Closure properties can be discussed in two aspects :

1. Closure Set of attributes

2. Closure set of FDs

Closure of an Attribute Set-


•The set of all those attributes which can be functionally determined from an attribute set is called as a closure of that
attribute set.

•Closure of attribute set {X} is denoted as {X} +.
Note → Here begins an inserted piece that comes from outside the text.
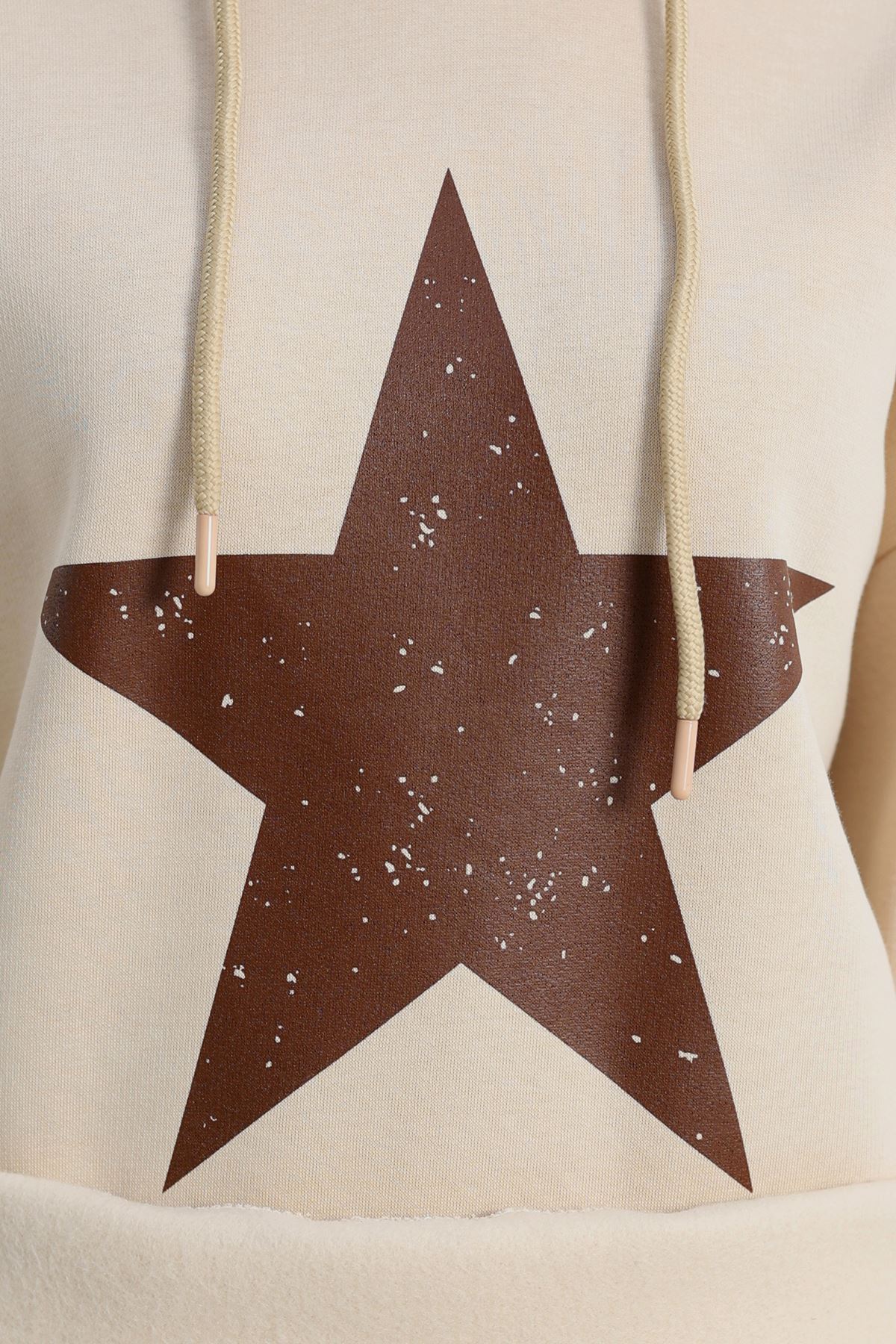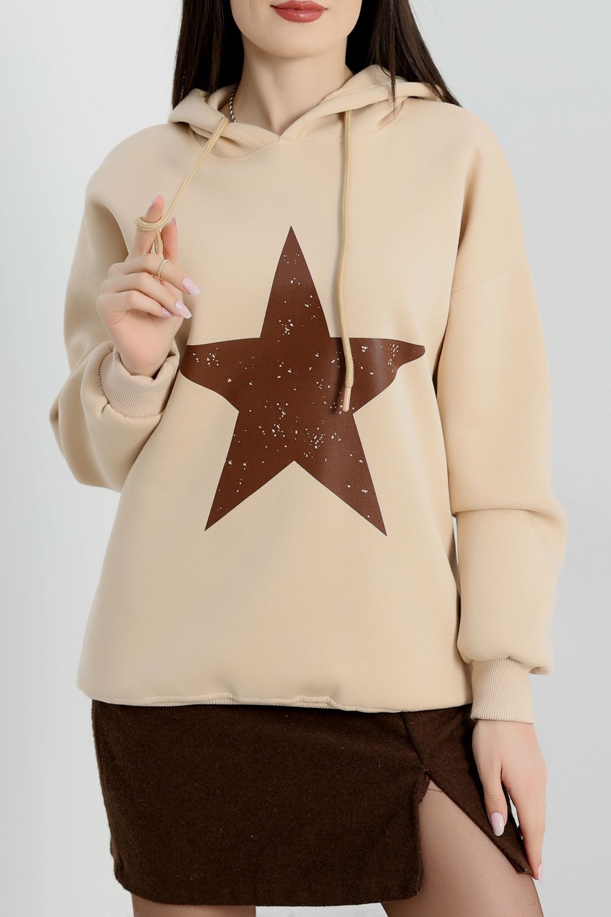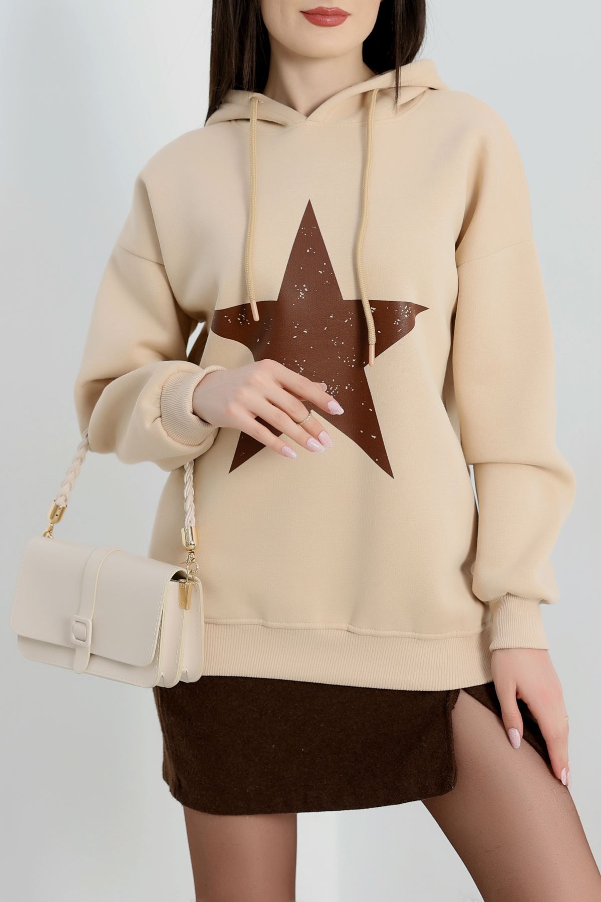 3 İplik Kapşonlu Baskılı Sweat Bejkahve - 42225.1878.

Following steps are followed to find the closure of an attribute set-

Step-01:

Add the attributes contained in the attribute set for which closure is being calculated to the result set.

Step-02:

Recursively add the attributes to the result set which can be functionally determined from the attributes already contained in
the result set.

Example 1: In a relation R (A, B, C) the following FDs hold FD:{AB, BC}

The set of all attributes that can be determined using given set of attributes is called attribute closure.

Thus A+ {B,C,A}

In this example A-B and B- C so using transitivity axiom we can include B and C in the closure set and A-A is a trivial
functional dependency. Thus,

B+ {B,C}
EXAMPLE 2
Consider a relation R ( A , B , C , D , E , F , G ) with the functional dependencies-
A → BC
BC → DE
D→F
CF → G

Now, let us find the closure of some attributes and attribute sets-

Closure of attribute A-

A+ = { A }
= {A, B , C } ( Using A → BC )
= {A, B , C , D , E } ( Using BC → DE )
= {A, B , C , D , E , F } ( Using D → F )
= {A, B , C , D , E , F , G } ( Using CF → G )
Thus,
A+ = { A , B , C , D , E , F , G }
Closure of attribute D-

D+ = { D }
= { D , F } ( Using D → F )
We can not determine any other attribute using attributes D and F contained in the result set.
Thus,
D+ = { D , F }

Closure of attribute set {B, C}-

{ B , C } += { B , C }
={B,C,D,E} ( Using BC → DE )
={B,C,D,E,F} ( Using D → F )
={B,C,D,E,F,G} ( Using CF → G )
Thus,
{ B , C }+ = { B , C , D , E , F , G }
Finding the Keys Using Closure-

Super Key-

•If the closure result of an attribute set contains all the attributes of the relation, then that attribute set is called as a super key
of that relation.
•Thus, we can say-
“The closure of a super key is the entire relation schema.”

Example-

In the above example,


•The closure of attribute A is the entire relation schema.
•Thus, attribute A is a super key for that relation.

Candidate Key-

•If there exists no subset of an attribute set whose closure contains all the attributes of the relation, then that attribute set is
called as a candidate key of that relation.
Example-

In the above example,


•No subset of attribute A contains all the attributes of the relation.
•Thus, attribute A is also a candidate key for that relation.
PRACTICE PROBLEM BASED ON FINDING CLOSURE OF AN ATTRIBUTE SET-

Problem-

Consider the given functional dependencies-


AB → CD
AF → D
DE → F
C→G
F→E
G→A

Which of the following options is false?


(A) { CF }+ = { A , C , D , E , F , G }
(B) { BG }+ = { A , B , C , D , G }
(C) { AF }+ = { A , C , D , E , F , G }
(D) { AB }+ = { A , C , D , F ,G }
Solution-

Let us check each option one by one-

Option-(A):

{ CF }+ = { C , F }
={C,F,G} ( Using C → G )
={C,E,F,G} ( Using F → E )
= {A, C , E , E , F } ( Using G → A )
= { A , C , D , E , F , G } ( Using AF → D )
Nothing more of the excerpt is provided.